# Prompt
Without the pictures, set down every record below exactly as it reads.

# Supplied material
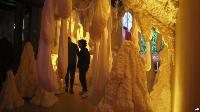 “Who loves pizza?” is a question you almost never have to ask an American. A better question might be “Who doesn’t love pizza?” Now, there is a place for all pizza lovers to gather: the newly-opened Museum of Pizza. It can be found in America’s pizza capital: New York City. A company called Nameless Network came up with the idea for the museum, known as “MoPi” for short. “It’s often that the simplest ideas are the best,” said Alexandra Serio. She is with Nameless Network. The company used the popularity of pizza as a way to get people “looking at art and hearing about history in a different format,” Serio explained. She added that Nameless Network asked many kinds of artists to create art works about pizza. They, in turn, provided large photographs, sculptures and huge installations. The Museum of Pizza is set up in a large space on the street level of the William Vale Hotel in Brooklyn, New York.
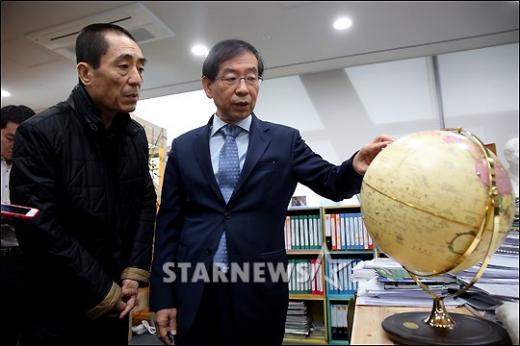 박원순 서울시장과 장예모 감독이 31일 오전 서울시청 집무실에서 '서울-북경 간 문화 교류 환담'을 나누고 있다.
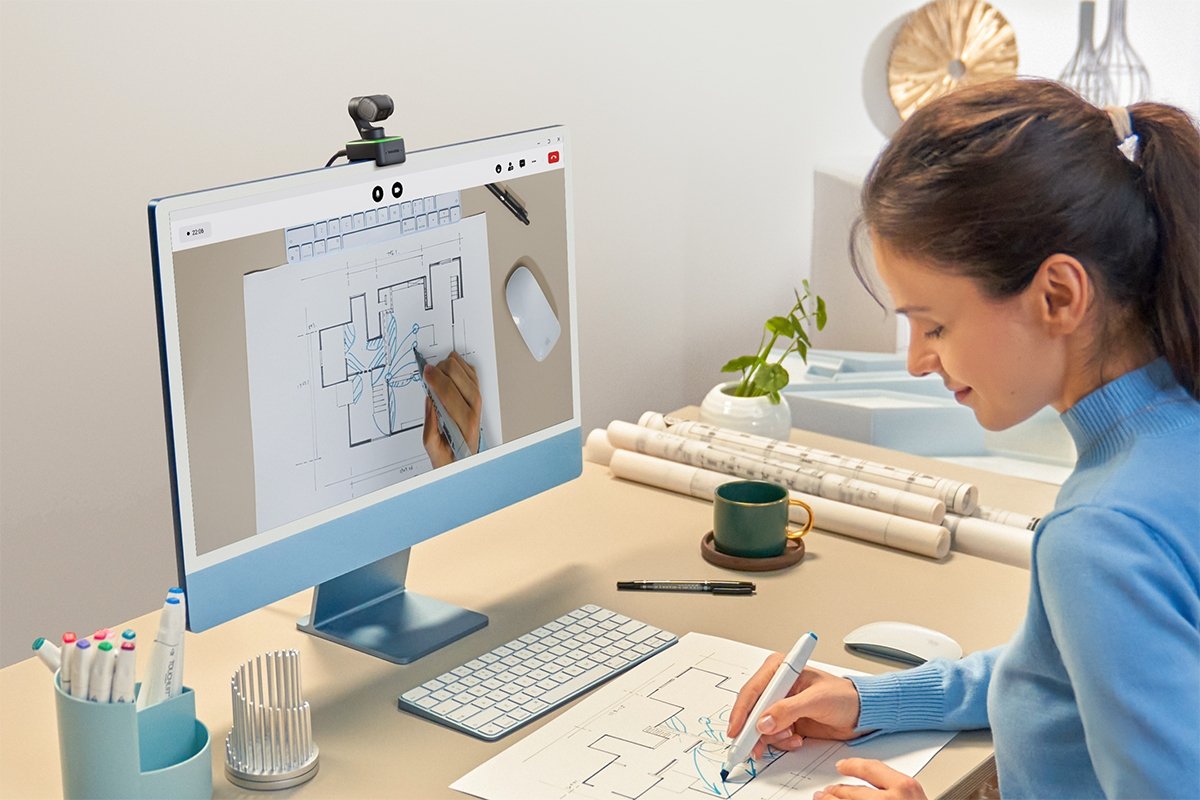 Pouhým pohybem ruky můžete aktivovat umělou inteligenci webkamery a její trackování, můžete přiblížit a oddálit záběr nebo aktivovat White Board mode.
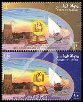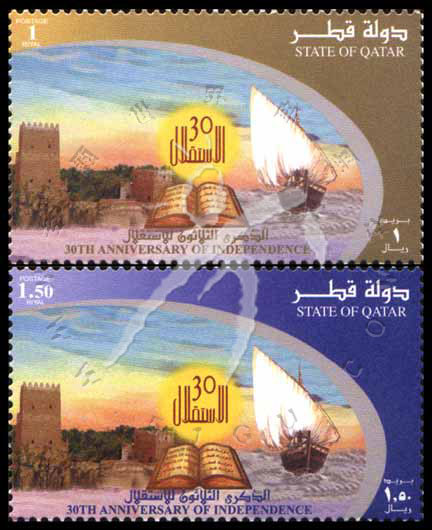 独立30周年,波斯湾上波浪前进的阿拉伯帆船(国徽变体)、书籍和城堡2全
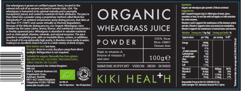 Kiki Health's Organic Wheatgrass Juice Powder is an easy to use alternative to fresh wheatgrass and contains fibre, which is often lost when juicing fresh wheatgrass. It has the same colour, aroma, flavour, and nutrients as freshly squeezed juice.
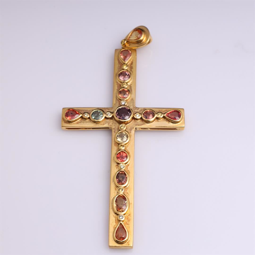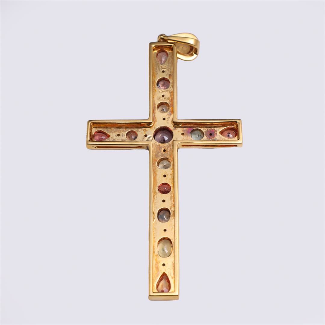 A very fine Carlo Rici designed 18k yellow gold cross pendant, bezel set with 14 sapphires in various colors on a matte brushed ground, each spaced with a bezel set diamond; stamped CR750; gross weight 21.3 g, 3 3/8" x 1 5/8" (approx.)

# Task result
 “Who loves pizza?” is a question you almost never have to ask an American. A better question might be “Who doesn’t love pizza?” Now, there is a place for all pizza lovers to gather: the newly-opened Museum of Pizza. It can be found in America’s pizza capital: New York City. A company called Nameless Network came up with the idea for the museum, known as “MoPi” for short. “It’s often that the simplest ideas are the best,” said Alexandra Serio. She is with Nameless Network. The company used the popularity of pizza as a way to get people “looking at art and hearing about history in a different format,” Serio explained. She added that Nameless Network asked many kinds of artists to create art works about pizza. They, in turn, provided large photographs, sculptures and huge installations. The Museum of Pizza is set up in a large space on the street level of the William Vale Hotel in Brooklyn, New York.
 박원순 서울시장과 장예모 감독이 31일 오전 서울시청 집무실에서 '서울-북경 간 문화 교류 환담'을 나누고 있다.
 Pouhým pohybem ruky můžete aktivovat umělou inteligenci webkamery a její trackování, můžete přiblížit a oddálit záběr nebo aktivovat White Board mode.
 独立30周年,波斯湾上波浪前进的阿拉伯帆船(国徽变体)、书籍和城堡2全
 Kiki Health's Organic Wheatgrass Juice Powder is an easy to use alternative to fresh wheatgrass and contains fibre, which is often lost when juicing fresh wheatgrass. It has the same colour, aroma, flavour, and nutrients as freshly squeezed juice.
 A very fine Carlo Rici designed 18k yellow gold cross pendant, bezel set with 14 sapphires in various colors on a matte brushed ground, each spaced with a bezel set diamond; stamped CR750; gross weight 21.3 g, 3 3/8" x 1 5/8" (approx.)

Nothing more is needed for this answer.